Overall, LVSI was present in 45 (50%) cases and absent in 45 (50%) cases on IHC, as compared with 17 (19%) and 73 (81%) cases, respectively, on H&E. Statistical analysis revealed significant association between LVSI-H&E and depth of myometrial invasion (P < 0.0001). The median follow-up period was 161 months (range 5-207 months). During the follow-up period, six of 14 cases with evidence of LVSI-H&E presented with recurrence as opposed to six of 58 patients with no evidence (OR = 6.26, 95%: CI = 1.3-30.6). There was a significant association between tumour recurrence rate and LVSI-H&E (P = 0.01). The 5-year recurrence-free survival was 54% for the group with H&E evidence of LVSI (95%: CI = 44-64%) compared with 89% for the group without (95%: CI = 82-97%). There was a significant difference in the recurrence-free survival between the two groups (Chi-square = 6.96, P = 0.008). In contrast, LVSI-IHC was found to be significantly associated only with high-grade tumours (P = 0.01) and survival analysis revealed no statistically significant association with recurrence or survival.

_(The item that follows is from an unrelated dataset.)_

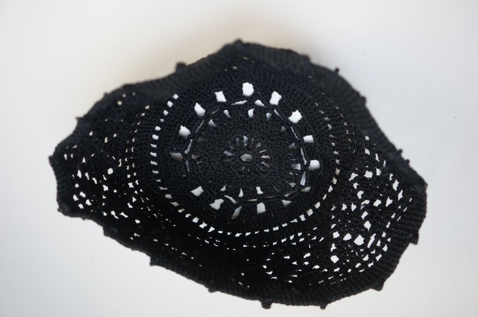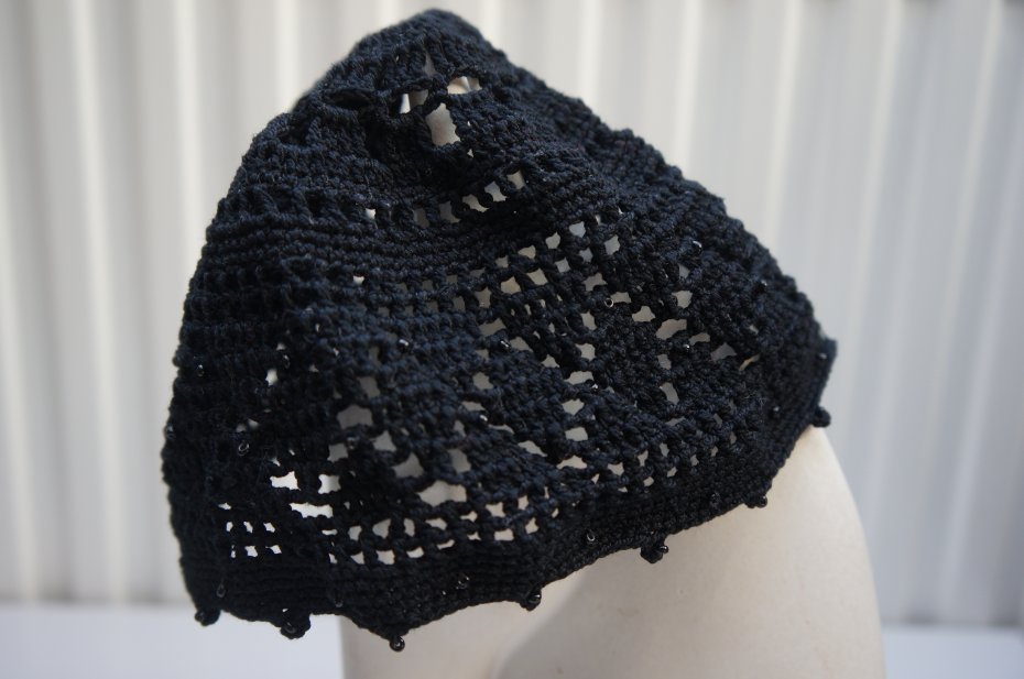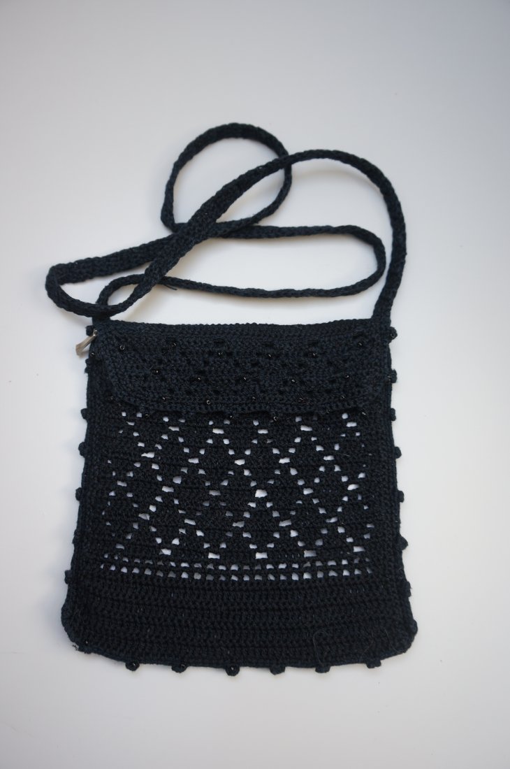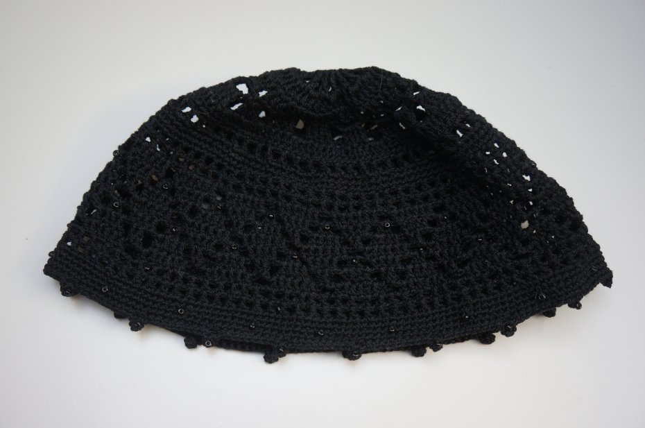 Czapeczka i torebka dla dziewczynki. Wykonane na szydełku z bawełnianej włóczki. Ozdobiona czarnymi koralikami. Torebka cała na podszewce. Zapinana na zamek.

LVSI-H&E in stage I EC remains an important predictive factor of recurrent disease and reduced disease-free interval. Immunohistochemically detected LVSI is a common event, associated with tumour grade and appears to be of no statistically significant clinical value.
肿瘤细胞的淋巴管浸润(LVSI)被视为肿瘤转移过程中的重要步骤,也是子宫内膜癌(EC)的重要预后因素。目前,评估LVSI的标准方法是对苏木精-伊红(H&E)染色切片进行光学显微镜检查。如果淋巴管腔内的肿瘤细胞数量极少或被大量循环细胞包围,那么在H&E染色下可能无法检测到。上皮细胞和内皮细胞标志物的双重免疫染色已被证明可显著提高LVSI的检出率。
探讨通过H&E检测的LVSI(LVSI-H&E)和免疫组化检测的LVSI(LVSI-IHC)在临床I期子宫内膜样EC患者中的临床意义。方法:对90例I期子宫内膜样EC患者的单张代表性切片,按照既定的链霉亲和素-生物素过氧化物酶法,使用小鼠单克隆全细胞角蛋白(PCK)克隆AE1/AE3和CD31内皮细胞标志物进行免疫染色。重新检查H&E切片及其相应的免疫染色切片以确定LVSI情况。有72例患者可获取临床记录。收集了以下数据:年龄、种族、产次、临床表现、相关内科疾病(肥胖、糖尿病和高血压)、他莫昔芬或激素替代疗法的使用情况、绝经状态、复发和生存情况。
总体而言,免疫组化显示45例(50%)存在LVSI,45例(50%)不存在LVSI;相比之下,H&E检测分别为17例(19%)存在LVSI和73例(81%)不存在LVSI。统计分析显示LVSI-H&E与肌层浸润深度之间存在显著关联(P<0.0001)。中位随访期为161个月(范围5 - 207个月)。在随访期间,14例有LVSI-H&E证据的患者中有6例出现复发,而58例无证据的患者中有6例复发(OR = 6.26,95%:CI = 1.3 - 30.6)。肿瘤复发率与LVSI-H&E之间存在显著关联(P = 0.01)。有H&E证据显示存在LVSI的组5年无复发生存率为54%(95%:CI = 44 - 64%),而无LVSI的组为89%(95%:CI = 82 - 97%)。两组间无复发生存率存在显著差异(卡方 = 6.96,P = 0.008)。相比之下,发现LVSI-IHC仅与高级别肿瘤显著相关(P = 0.01),生存分析显示与复发或生存无统计学显著关联。
I期EC中的LVSI-H&E仍然是疾病复发和无病间期缩短的重要预测因素。免疫组化检测到的LVSI很常见,与肿瘤分级相关,似乎无统计学显著的临床价值。